BEGIN Given entries
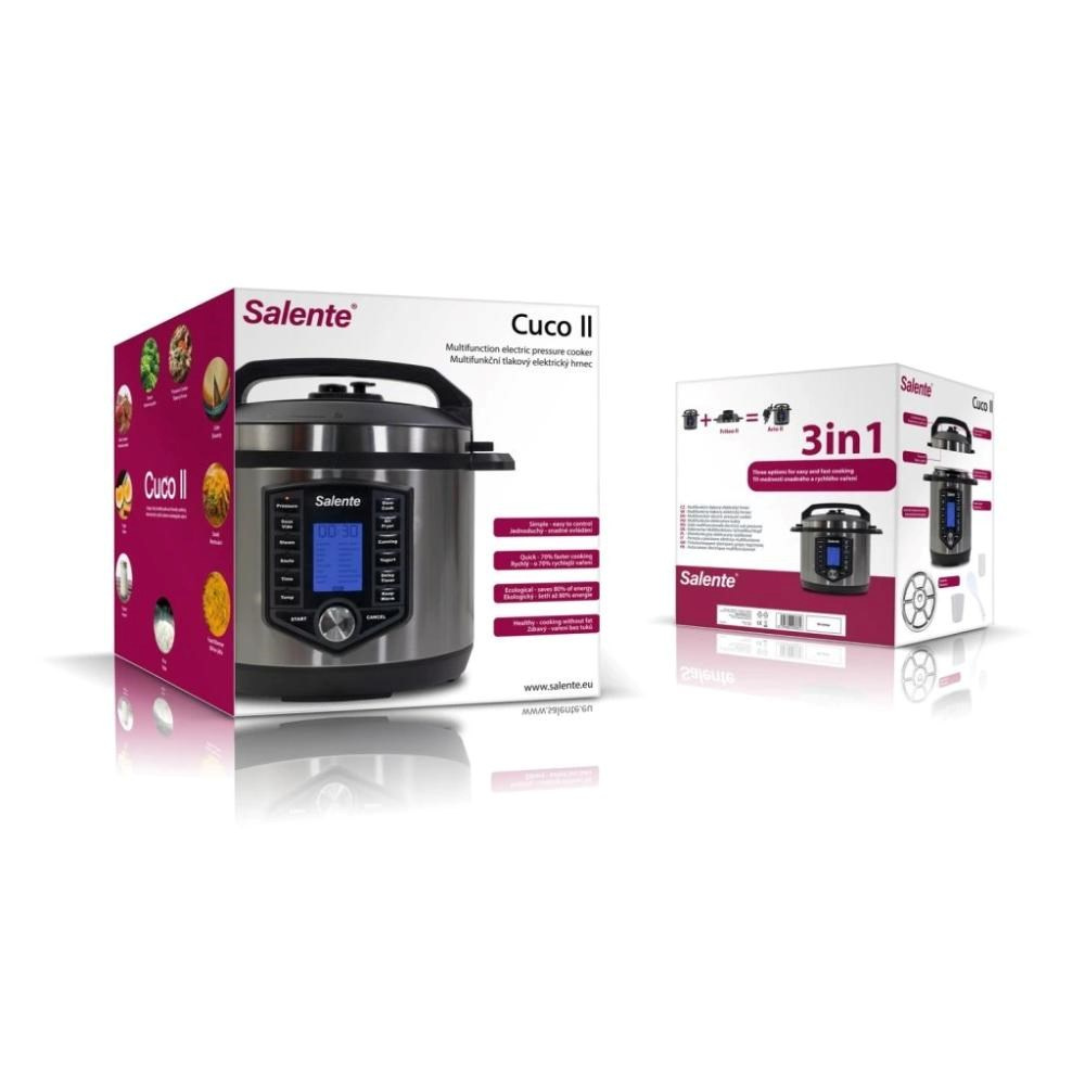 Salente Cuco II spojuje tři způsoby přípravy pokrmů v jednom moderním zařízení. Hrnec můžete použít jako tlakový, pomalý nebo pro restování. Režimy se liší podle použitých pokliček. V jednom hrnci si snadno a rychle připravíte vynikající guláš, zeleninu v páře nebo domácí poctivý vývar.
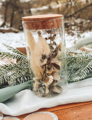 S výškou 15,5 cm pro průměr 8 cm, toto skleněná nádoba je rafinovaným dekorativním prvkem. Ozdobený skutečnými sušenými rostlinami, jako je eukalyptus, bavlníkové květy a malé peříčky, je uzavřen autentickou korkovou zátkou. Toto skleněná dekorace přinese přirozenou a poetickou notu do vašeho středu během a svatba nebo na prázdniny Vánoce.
END Given entries
BEGIN Given entries
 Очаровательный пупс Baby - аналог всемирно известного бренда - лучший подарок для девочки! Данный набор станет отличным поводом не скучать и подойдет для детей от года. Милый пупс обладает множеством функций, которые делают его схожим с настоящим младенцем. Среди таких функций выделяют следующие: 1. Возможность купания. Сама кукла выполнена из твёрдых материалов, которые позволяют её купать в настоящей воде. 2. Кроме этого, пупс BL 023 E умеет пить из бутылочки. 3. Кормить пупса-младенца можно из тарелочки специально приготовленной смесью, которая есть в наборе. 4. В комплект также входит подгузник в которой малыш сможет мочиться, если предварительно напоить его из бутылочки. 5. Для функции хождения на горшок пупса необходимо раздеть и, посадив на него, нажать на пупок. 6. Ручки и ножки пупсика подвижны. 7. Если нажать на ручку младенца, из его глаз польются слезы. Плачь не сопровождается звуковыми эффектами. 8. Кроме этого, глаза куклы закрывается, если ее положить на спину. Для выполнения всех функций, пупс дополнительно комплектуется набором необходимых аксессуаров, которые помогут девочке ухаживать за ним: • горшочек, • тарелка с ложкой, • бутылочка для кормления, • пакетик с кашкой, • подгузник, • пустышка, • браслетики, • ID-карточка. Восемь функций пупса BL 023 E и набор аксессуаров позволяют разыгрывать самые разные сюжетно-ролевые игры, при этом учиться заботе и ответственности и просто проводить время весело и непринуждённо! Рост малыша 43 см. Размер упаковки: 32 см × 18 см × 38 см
END Given entries
Repeat exactly the lines above, from the line that contains "Salente Cuco II" down through the line that contains "S výškou 15,5". Include both of those lines and none of the pictures.

 Salente Cuco II spojuje tři způsoby přípravy pokrmů v jednom moderním zařízení. Hrnec můžete použít jako tlakový, pomalý nebo pro restování. Režimy se liší podle použitých pokliček. V jednom hrnci si snadno a rychle připravíte vynikající guláš, zeleninu v páře nebo domácí poctivý vývar.
 S výškou 15,5 cm pro průměr 8 cm, toto skleněná nádoba je rafinovaným dekorativním prvkem. Ozdobený skutečnými sušenými rostlinami, jako je eukalyptus, bavlníkové květy a malé peříčky, je uzavřen autentickou korkovou zátkou. Toto skleněná dekorace přinese přirozenou a poetickou notu do vašeho středu během a svatba nebo na prázdniny Vánoce.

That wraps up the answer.